Gabriel shrugged and plopped down on Dean’s bed on his back. “Or something. I think I was poisoned.” Sam waited for the punchline but Gabriel just let out a painful groan.

“Y-you’re serious?” Sam stood up from his research, ready to call Poison Control or take Gabriel to get his stomach pumped. Though he paused, wondering if poison effected archangels. “You’re susceptible to poison?”

“Certain kinds.” Gabriel muttered, his eyes closed and his hand waving about sluggishly. “Magical or cursed poisons. I do have a long list of enemies. I mean, it probably wasn’t Kali because she’s more likely to leave a burn mark. She likes to destroy people in person. Maybe it was Odin. He’s a spiteful asshat.”

“Do you need something?” Sam asked, because poison was not something to take lightly.
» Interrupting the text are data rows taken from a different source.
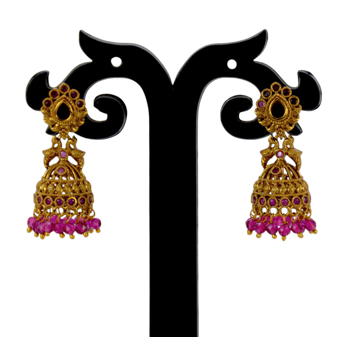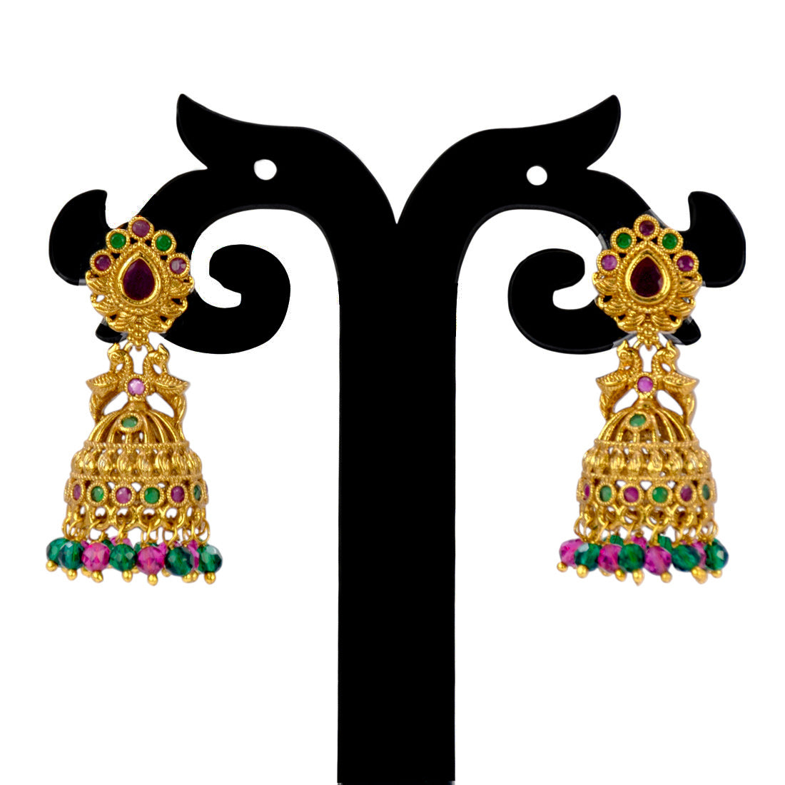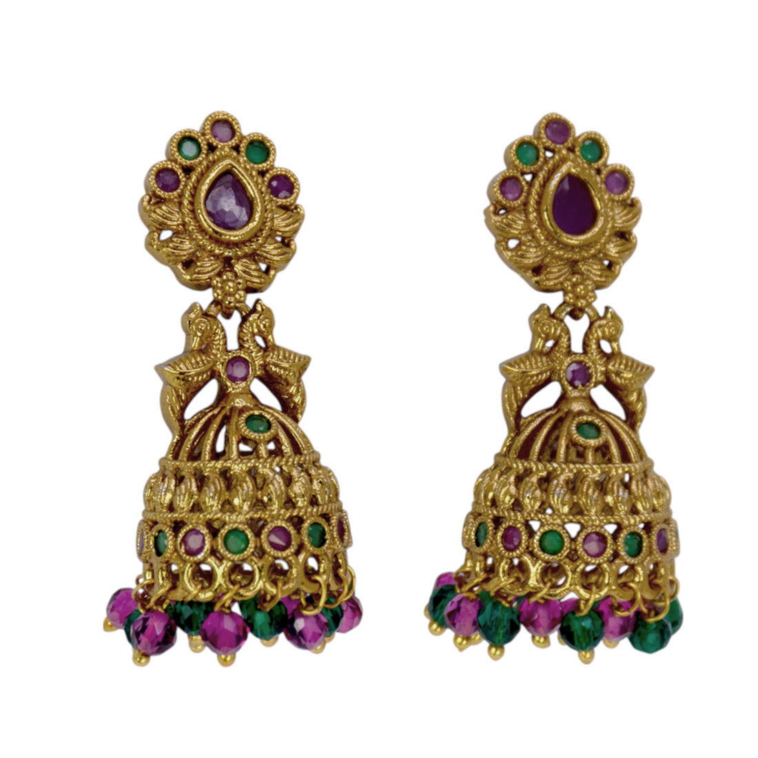 Add a touch of regal elegance to your ethnic wardrobe with these Small Antique Gold Plated Twin Peacock Stone Jhumkas, intricately designed with a classic twin peacock motif. The floral stud is beautifully adorned with rubies, emeralds, and sparkling white CZ stones, giving a vibrant look. The small dome-shaped jhumka features delicate carvings and matching stone embellishments that shimmer with every move. Perfect for weddings, temple functions, and festive celebrations, these earrings blend traditional artistry with timeless style.
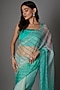 Featuring an ocean blue shaded draped saree in crystal organza base with steel grey bead hand embellishments. It is paired with an embroidered choli and an underskirt. Accentuate it with dangler earrings and heels for an engagement or wedding ceremony.
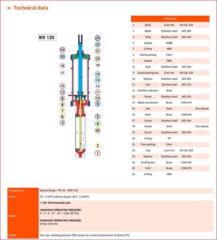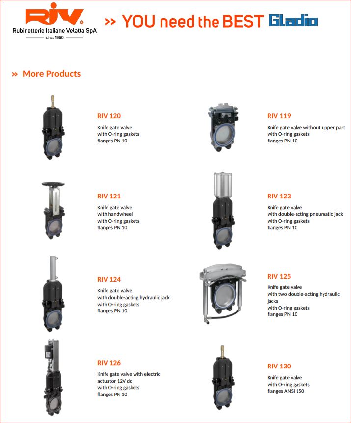 RIV levert een breed assortiment originele kwaliteit schuifafsluiters, hevel bediening armaturen, hydraulische- pneumatische enkel en dubbelwerkende cilinders, tank beveiligingen, tankvulling indicatoren, flexibele koppelingen en trechters.
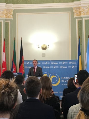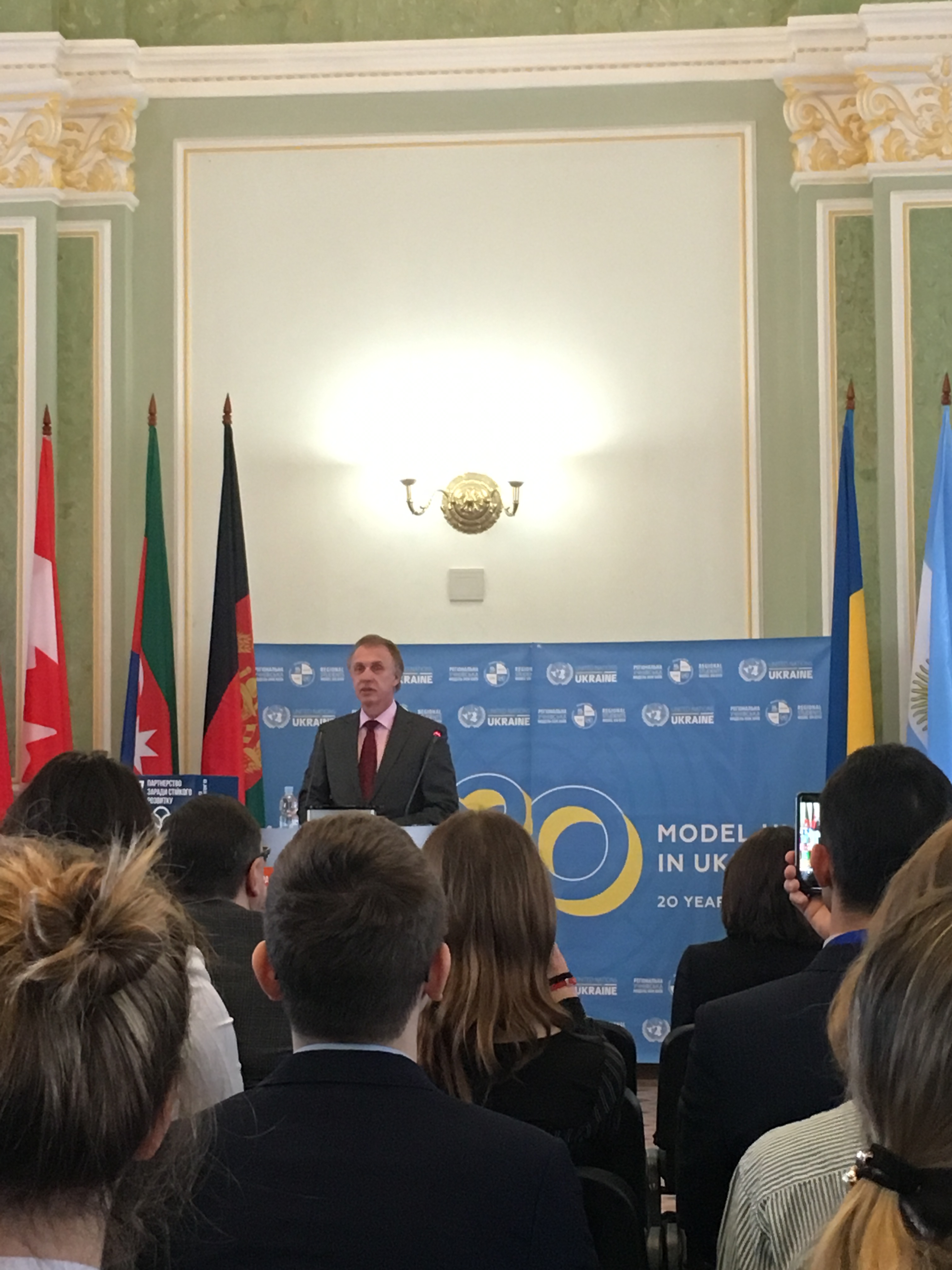 З вітальним словом до учасників звернулися: Дмитро Ткач - Надзвичайний і Повноважний посол України в Угорщині (2006–2010), Володимир Огризко – український дипломат, міністр закордонних справ України (2007 - 2009); Ніл Вокер - Координатор Системи ООН в Україні, який зазначив: «‘Енергія, запал та нестандарне мислення молоді сприятимуть позитивним перетворенням як України так і всього світу. Завдяки таким навчальним форматам як Модель ООН молоді люди мають змогу познайомитися з роботою Організації Об’єднаних Націй, дізнатись про права людини та Цілі сталого розвитку і подумати про свою роль у вирішенні глобальних проблем».
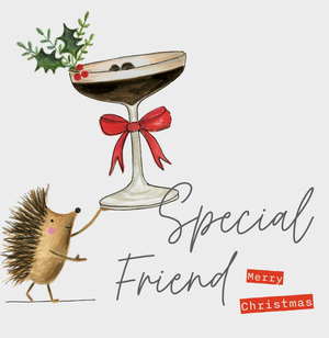 Special Friend Merry Christmas - Hedgehog Holding Cocktail Glass Card
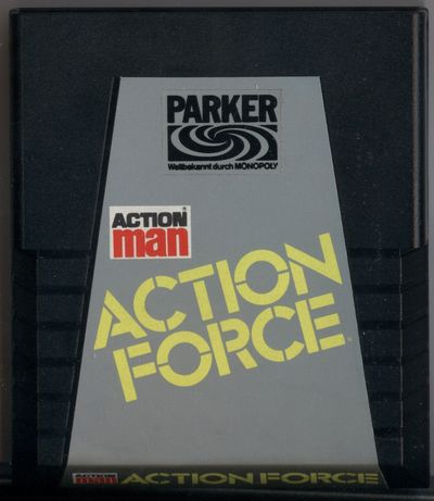 Action Force Cartridges version a)* C ©1982, no picture, CART: spring, ML: no sticker, PAL, Action Man before Action Force, “Action” in Action Man has black letters
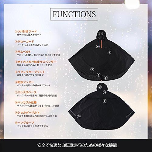 大阪の自転車・自転車アクセサリーブランドのドッペルギャンガーより、自転車用の雨具として発売されているポンチョです。使用しない時は自転車のボトルホルダーなどおしゃれに収納できます。スポーツ用自転車でなくとも通勤・通学用の自転車でも使用できる仕様のポンチョです。
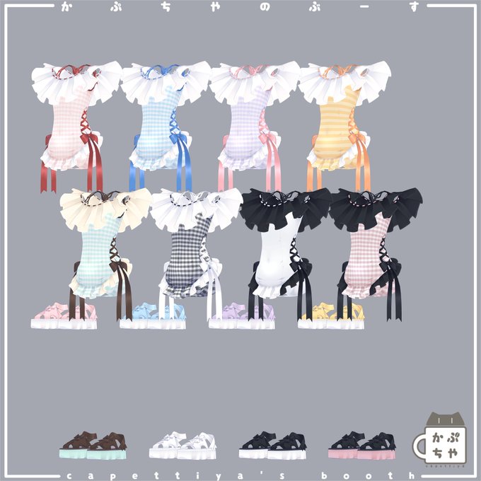 新作のフリルワンピース水着のからーばりえーしょん! 今回はpsdにて全色 ・無地 ・ギンガムチェック ・ボーダー から選べます!(pngで書き出してある柄は画像のとおりです) あとTシャツが絶妙に透けるマテリアルも同梱予定! #かぷちや水着
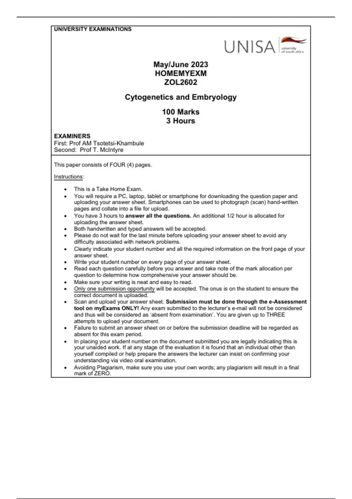 ZOL2602 Exam question paper Term 1 2023

“A place to rest,” Gabriel said. “Can’t really do anything except wait for my being to heal from it. It’s like the worst case of indigestion in the world. Only an angel sword can really kill me, you know.” Gabriel then sat up, sounding thoughtful. “I bet it was Baldr, or even Frigg. She never did forgive me for nearly killing her precious, perfect little princess. Seriously. Do you know how tired I was? Hearing how perfect he was? Perfect little momma’s boy more like it…” Sam sighed, figuring Gabriel was being dramatic. If he was energetic enough to rant about Baldr, he was well enough to heal on his own. Well, that’s what he thought until he saw Gabriel cover his mouth, and then a second later he disappeared, only for Sam to hear him in the bathroom retching.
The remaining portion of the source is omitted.